WORK REQUIRED
Only the stretch below from the line holding "Metzger Ножницы маникюрные, для" through the line holding "Högtalare i original" should be restated, word for word and with both ends included; pictures stay out.

GIVEN MATERIAL

◆ ◆ ◆ ◆ ◆

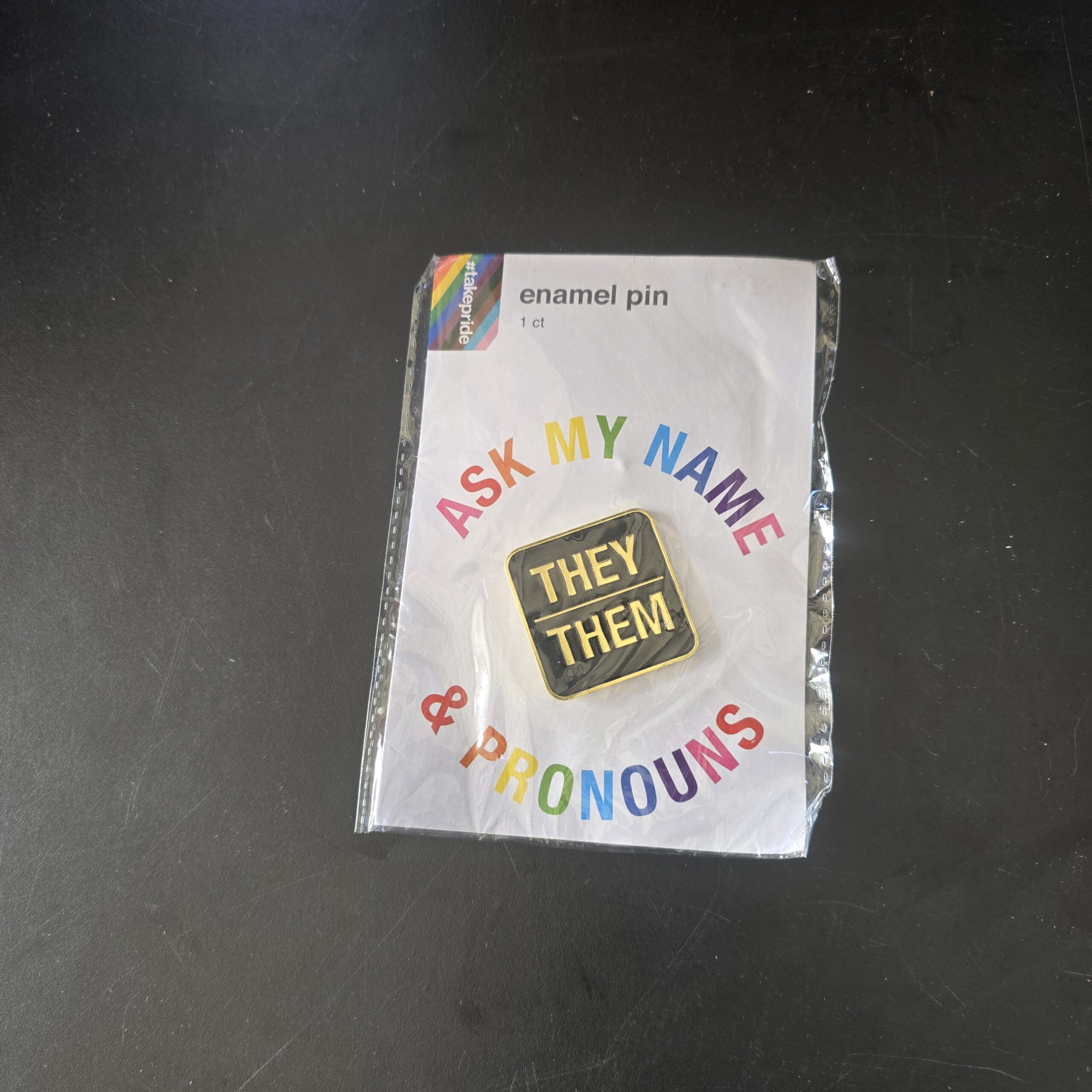 - Visible Text: ASK MY NAME & PRONOUNS, THEY THEM, enamel pin, 1 ct, #takepride
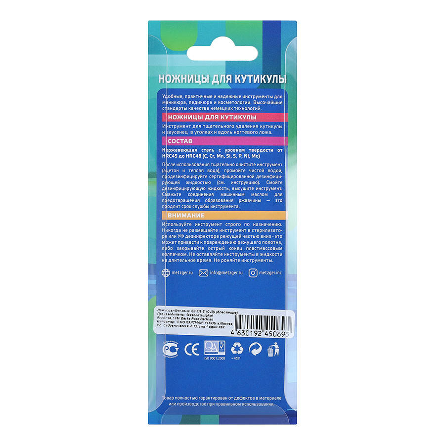 Metzger Ножницы маникюрные, для кутикулы, загнутые, узкие, 10 см, на блистере, цвет серебристый, CS-1/8-S (CVD)
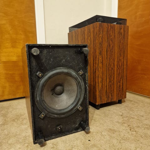 Högtalare i original från 1970,elementen är hela och mäter 5 ohm,ett fanerskada på ovansida kant på en högtalare.
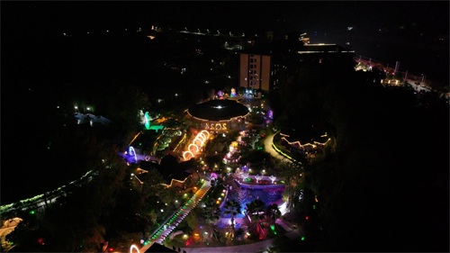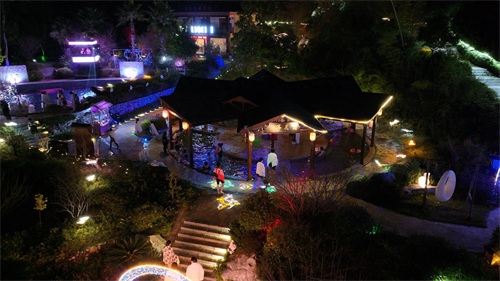 四季花海景区花乐汤温泉有着68个独具特色的森林花海泡池,它们错落有致地分布在葱郁的林木之间。泡池周边,形态各异的动物造型灯盏掩映其中,游客们在花海环绕中享受温泉的同时,还能感受大自然的气息。

◆ ◆ ◆ ◆ ◆

ANSWER TO THIS TASK
 Metzger Ножницы маникюрные, для кутикулы, загнутые, узкие, 10 см, на блистере, цвет серебристый, CS-1/8-S (CVD)
 Högtalare i original från 1970,elementen är hela och mäter 5 ohm,ett fanerskada på ovansida kant på en högtalare.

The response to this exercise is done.